**** Collected material ****

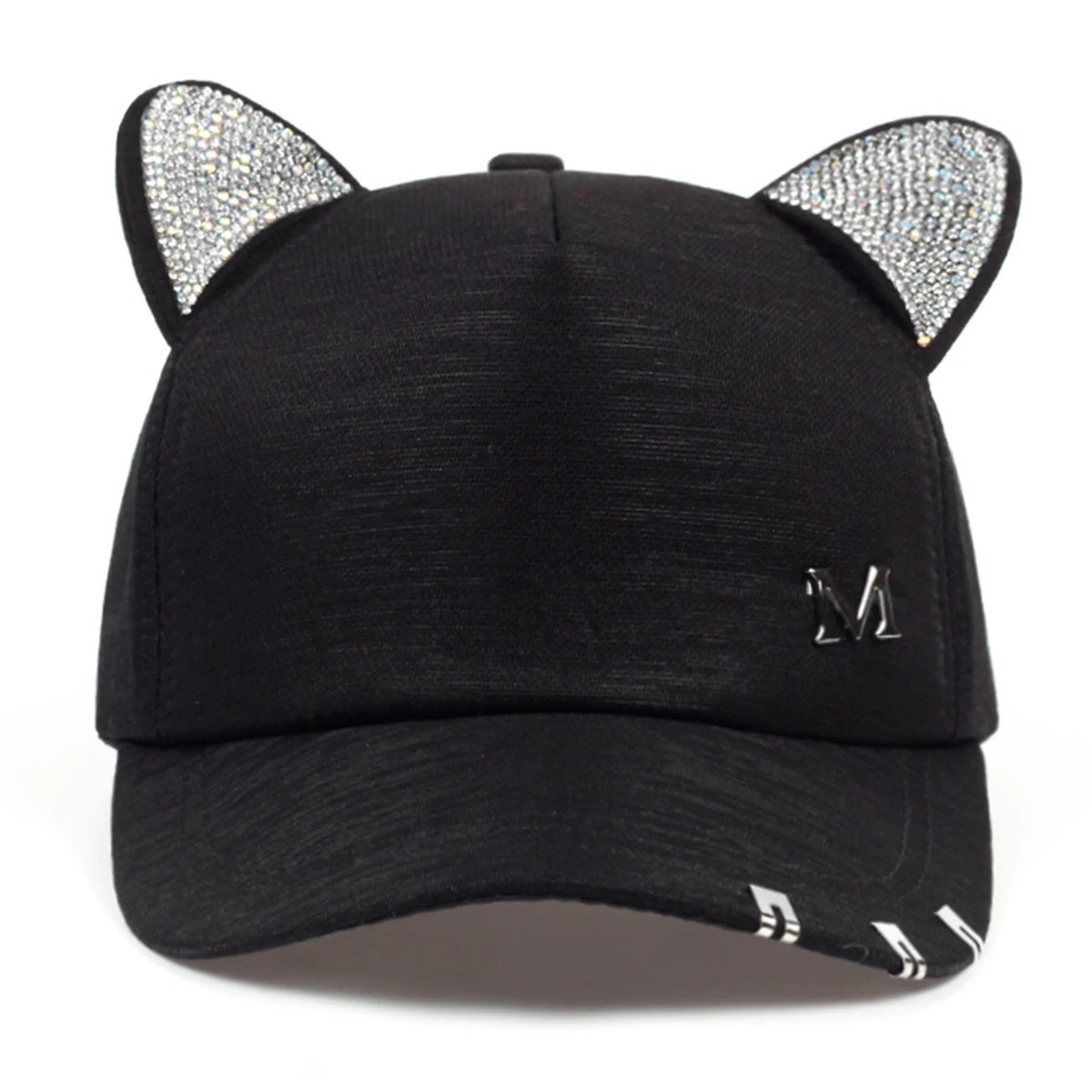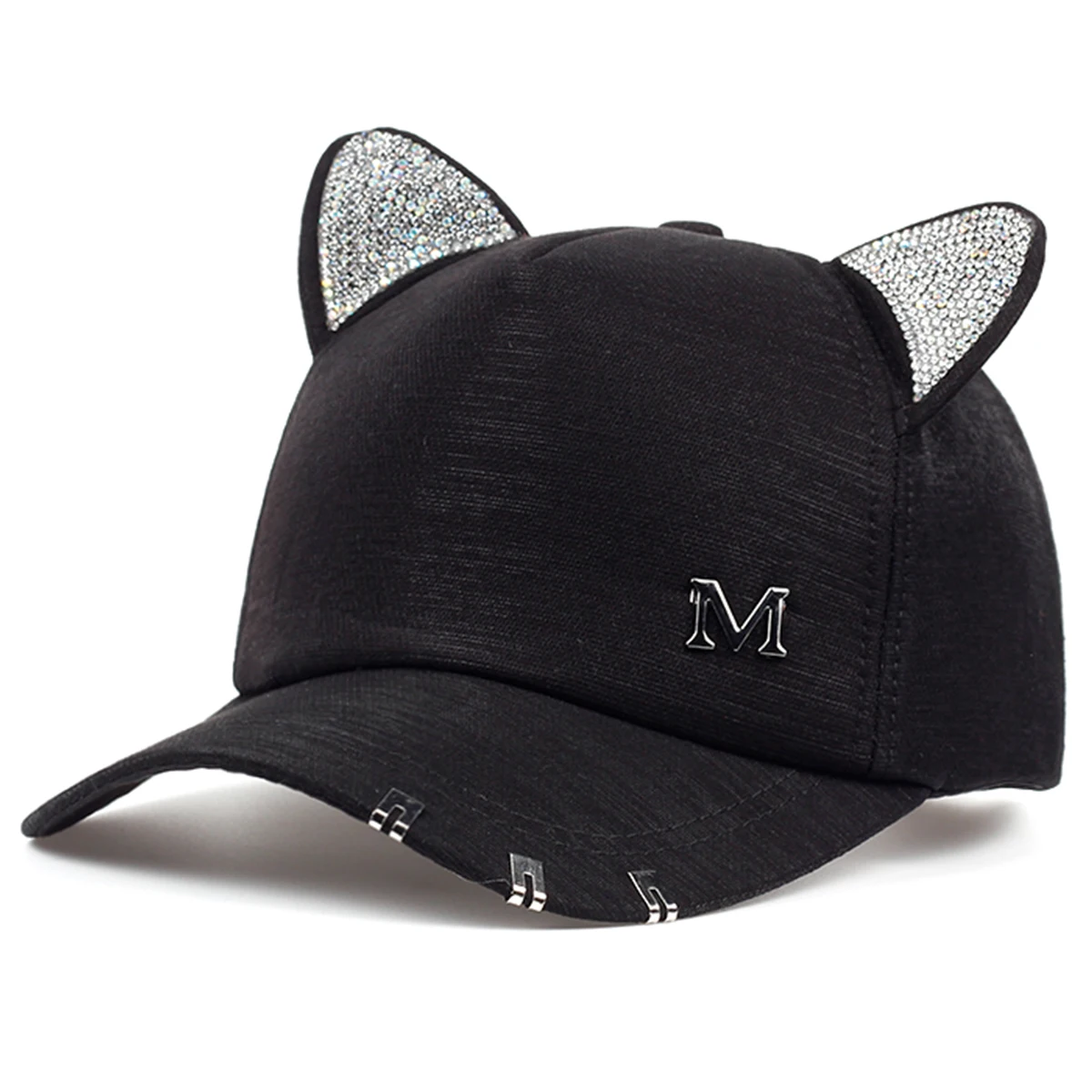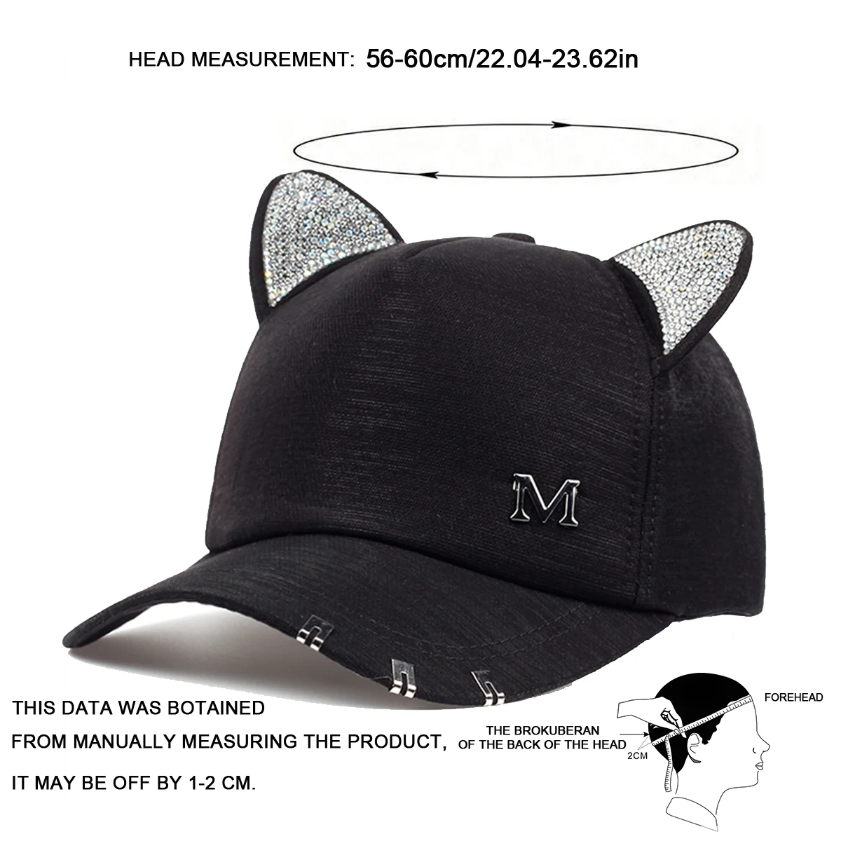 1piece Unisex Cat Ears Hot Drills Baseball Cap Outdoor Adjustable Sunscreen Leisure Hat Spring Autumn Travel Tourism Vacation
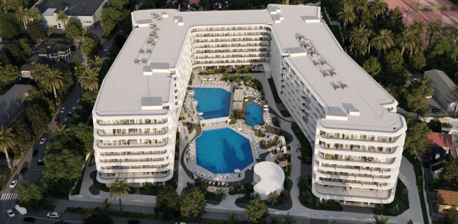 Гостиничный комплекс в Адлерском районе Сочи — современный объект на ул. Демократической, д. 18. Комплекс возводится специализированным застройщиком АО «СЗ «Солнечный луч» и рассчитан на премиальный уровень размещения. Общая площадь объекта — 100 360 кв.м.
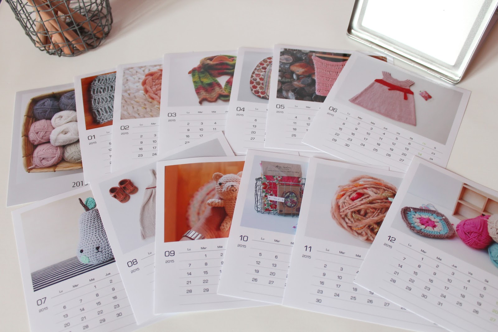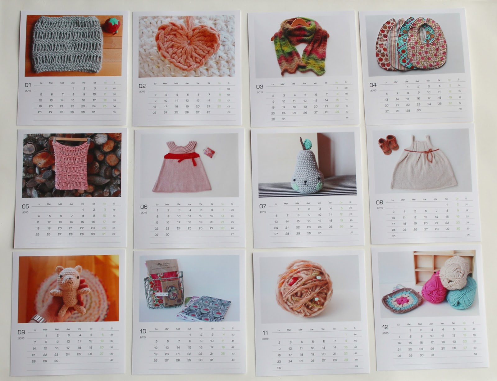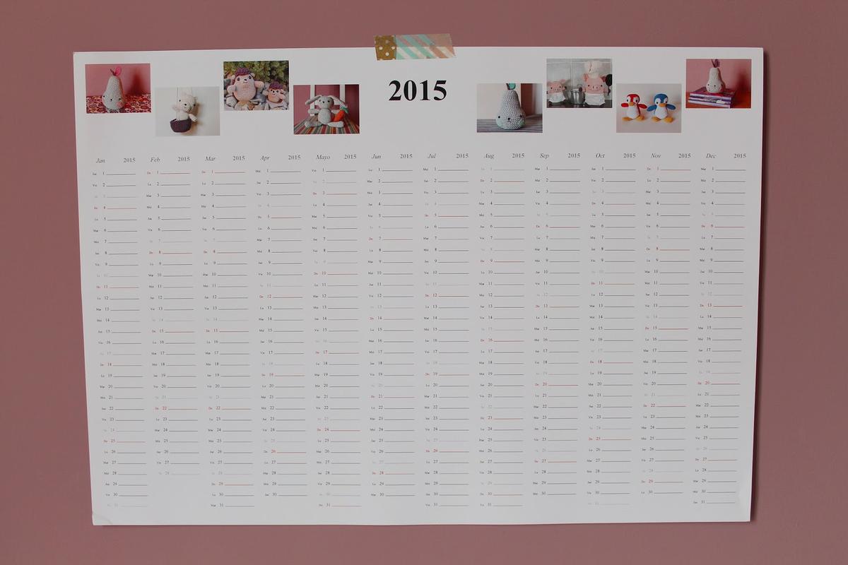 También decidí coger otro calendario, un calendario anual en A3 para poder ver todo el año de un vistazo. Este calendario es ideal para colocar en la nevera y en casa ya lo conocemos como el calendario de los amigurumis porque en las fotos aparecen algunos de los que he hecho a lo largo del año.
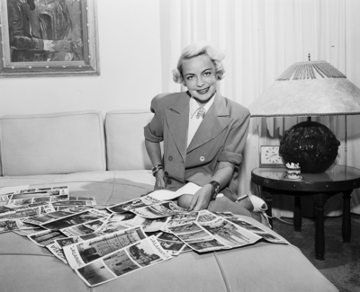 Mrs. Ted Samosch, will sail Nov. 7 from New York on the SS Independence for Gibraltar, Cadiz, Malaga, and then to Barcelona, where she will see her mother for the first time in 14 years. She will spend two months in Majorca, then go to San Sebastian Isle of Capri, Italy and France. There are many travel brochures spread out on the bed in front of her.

****

- _Task brief_: The required output is each line above restated verbatim, with all images omitted.

- _Solution for this task_:
 1piece Unisex Cat Ears Hot Drills Baseball Cap Outdoor Adjustable Sunscreen Leisure Hat Spring Autumn Travel Tourism Vacation
 Гостиничный комплекс в Адлерском районе Сочи — современный объект на ул. Демократической, д. 18. Комплекс возводится специализированным застройщиком АО «СЗ «Солнечный луч» и рассчитан на премиальный уровень размещения. Общая площадь объекта — 100 360 кв.м.
 También decidí coger otro calendario, un calendario anual en A3 para poder ver todo el año de un vistazo. Este calendario es ideal para colocar en la nevera y en casa ya lo conocemos como el calendario de los amigurumis porque en las fotos aparecen algunos de los que he hecho a lo largo del año.
 Mrs. Ted Samosch, will sail Nov. 7 from New York on the SS Independence for Gibraltar, Cadiz, Malaga, and then to Barcelona, where she will see her mother for the first time in 14 years. She will spend two months in Majorca, then go to San Sebastian Isle of Capri, Italy and France. There are many travel brochures spread out on the bed in front of her.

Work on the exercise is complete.